CRISPR-Cas9 technology has transformed the ability to edit genomic sequences and control gene expression with unprecedented ease and scale. However, precise genomic insertions of coding sequences using this technology remain time-consuming and inefficient because they require introducing adjacent single-strand cuts through Cas9 nickase action and invoking the host-encoded homology-directed repair program through the concomitant introduction of large repair templates. Here, we present a system for the rapid study of any protein-of-interest in two neuronal cell models following its inducible expression from the human AAVS1 safe harbor locus. With lox-flanked foundation cassettes in the AAVS1 site and a tailor-made plasmid for accepting coding sequences-of-interest in place, the system allows investigators to produce their own neuronal cell models for the inducible expression of any coding sequence in less than a month. Due to the availability of preinserted enhanced green fluorescent protein (EGFP) coding sequences that can be fused to the protein-of-interest, the system facilitates functional investigations that track a protein-of-interest by live-cell microscopy as well as interactome analyses that capitalize on the availability of exquisitely efficient EGFP capture matrices.

Keywords: Human neuronal cells (人神经元细胞)

CRISPR-Cas9 (CRISPR-Cas9)

AAVS1 (AAVS1)

Inducible expression (诱导表达)

Protein-of-interest (目标蛋白)

EGFP (增强绿色荧光蛋白)

Background

The ability to engineer the genomes of cell models and organisms holds tremendous potential for research and targeted therapy. With the advent of CRISPR-Cas9 technology, the efficiency of precision genome engineering has greatly improved, and useful reagents are coming online at a rapid pace. Despite these advances, there still is a scarcity of cell-based in vitro paradigms for studying neurological diseases that is holding back the pace of progress in this area. Whereas CRISPR-Cas9 mediated homology-directed repair (HDR) can now easily be applied to generate knockout models or to knock in small transgenic segments, the goal to integrate larger segments continues to present a considerable challenge (Devkota, 2018).

In our own work, we often would like to learn more about the function of a protein by studying its subcellular localization and protein-protein interactions. To this end, it would help if neuronal cell models could be equipped with inducible expression systems that provide temporal control of the expression of a protein-of-interest and facilitate its visualization and capture. Not long ago, this need would call for the stable transfection or lentiviral transduction of an expression cassette, an approach that can result in unpredictable confounding effects due to the random integration of transgenes. CRISPR-Cas9 provides alternative strategies to accomplish this task in a precise way but these approaches remain time-consuming and require considerable investments in resources and expertise.
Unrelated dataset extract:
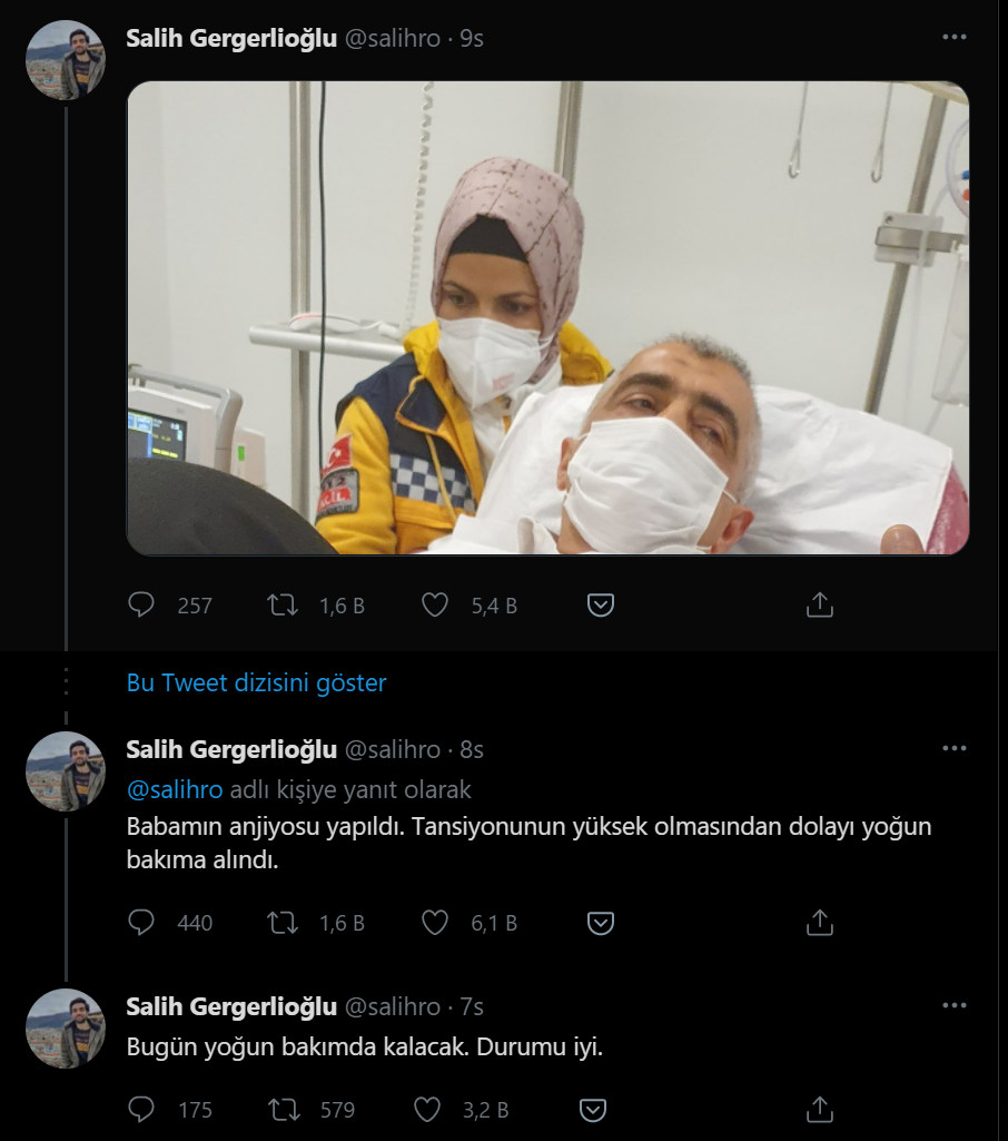 Durumu sosyal medya hesabından paylaşan Gergerlioğlu'nun oğlu Salih Gergerlioğlu, "Babamın anjiyosu yapıldı. Tansiyonunun yüksek olmasından dolayı yoğun bakıma alındı. Bugün yoğun bakımda kalacak. Durumu iyi" dedi.

To address this unmet need, we sought to develop resources that enable the rapid and flexible integration of large inducible expression cassettes into the AAVS1 human safe harbor locus (DeKelver et al., 2010) of several neuronal cell models. Stable insertion into the AAVS1 locus, as opposed to viral integration, was chosen to preclude transgene silencing and insertional mutagenesis, notorious confounders associated with non-directed transgene insertions. To maximize flexibility and speed, the system was built around two genome-editing steps. The first step, which makes use of CRISPR-Cas9-mediated HDR followed by selection of positive clones, is time-consuming and uncertain to succeed but we have already accomplished this in 3 cell lines that are available to be shared. The second step, which relies on a Cre recombinase-mediated exchange of an expression cassette, is relatively easy to accomplish and fast because it can be followed by puromycin-based selection of positive clones.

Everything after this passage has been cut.